Romerus is a small genus of rhacophorid frogs that are distributed in southern China (Hong Kong, Hainan, Guangxi, Guangdong). Some species now in Romerus were originally placed in Philautus. It is thought to be the most basal genus in the Rhacophorinae.

The genus was first erected as Liuixalus in 2008 based on molecular genetic evidence showing distinctness of Liuixalus romeri (then known as Chiromantis romeri) from the rest of Chiromantis. The genus name Liuixalus commemorates , a Chinese herpetologist.

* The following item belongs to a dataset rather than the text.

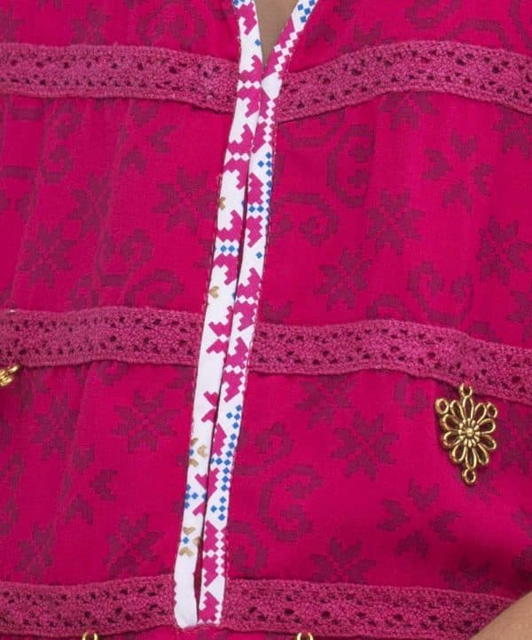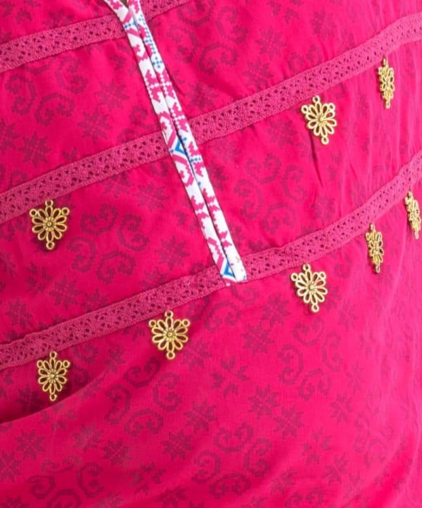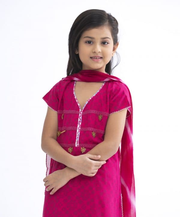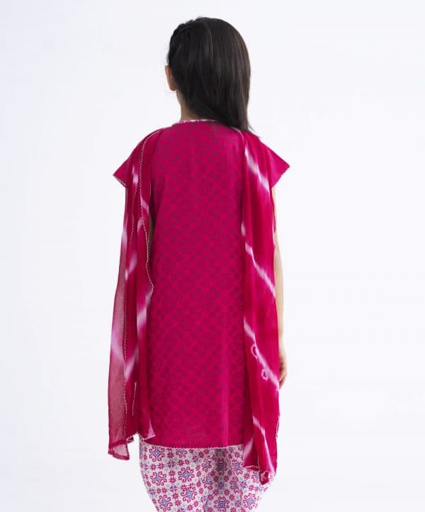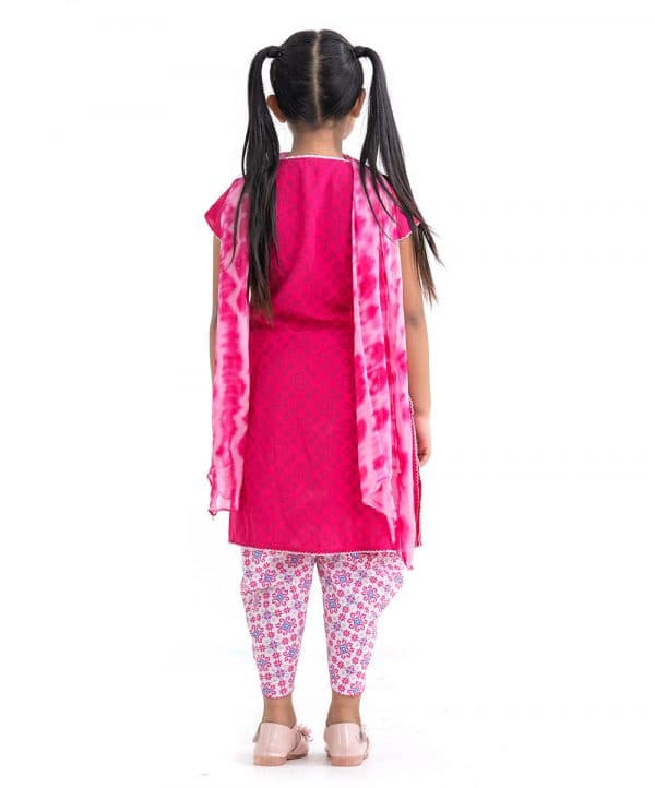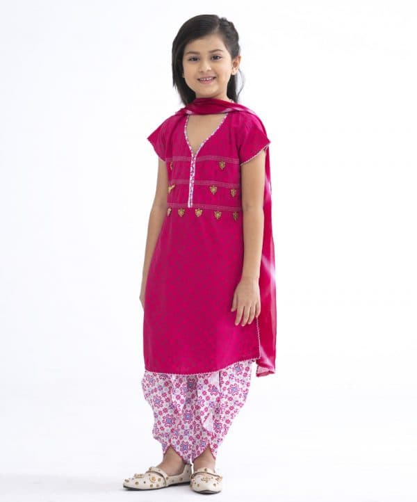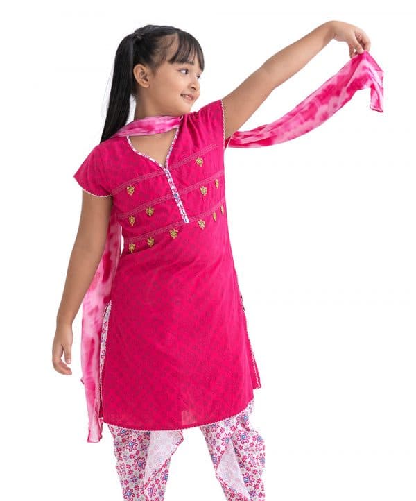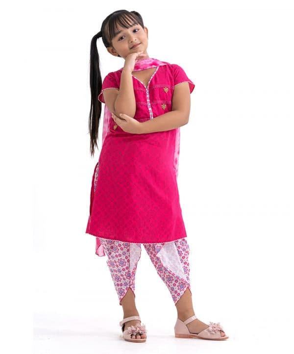 Pink Salwar Kameez in Cotton Viscose fabric with Chiffon dupatta. Printed dhuti pajama & solid kameez.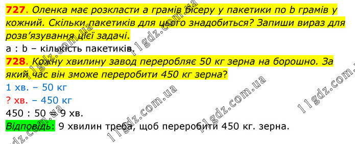 727. Оленка має розкласти а грамів бісеру у пакетики по b грамів у кожний. Скільки пакетиків для цього знадобиться? Запиши вираз для розв’язування цієї задачі. a : b – кількість пакетиків. 728. Кожну хвилину завод переробляє 50 кг зерна на борошно. За який час він зможе переробити 450 кг зерна? 1 хв. – 50 кг ? хв. – 450 кг 450 : 50 = 9 хв. Відповідь: 9 хвилин треба, щоб переробити 450 кг. зерна.

In 2021, another phylogenetic study deemed the name Liuixalus as invalidly proposed due to a lack of a diagnosis for the genus in the original study, and thus redescribed the genus as Romerus, alongside morphological characteristics distinguishing it. The name Romerus commemorates British herpetologist John D. Romer.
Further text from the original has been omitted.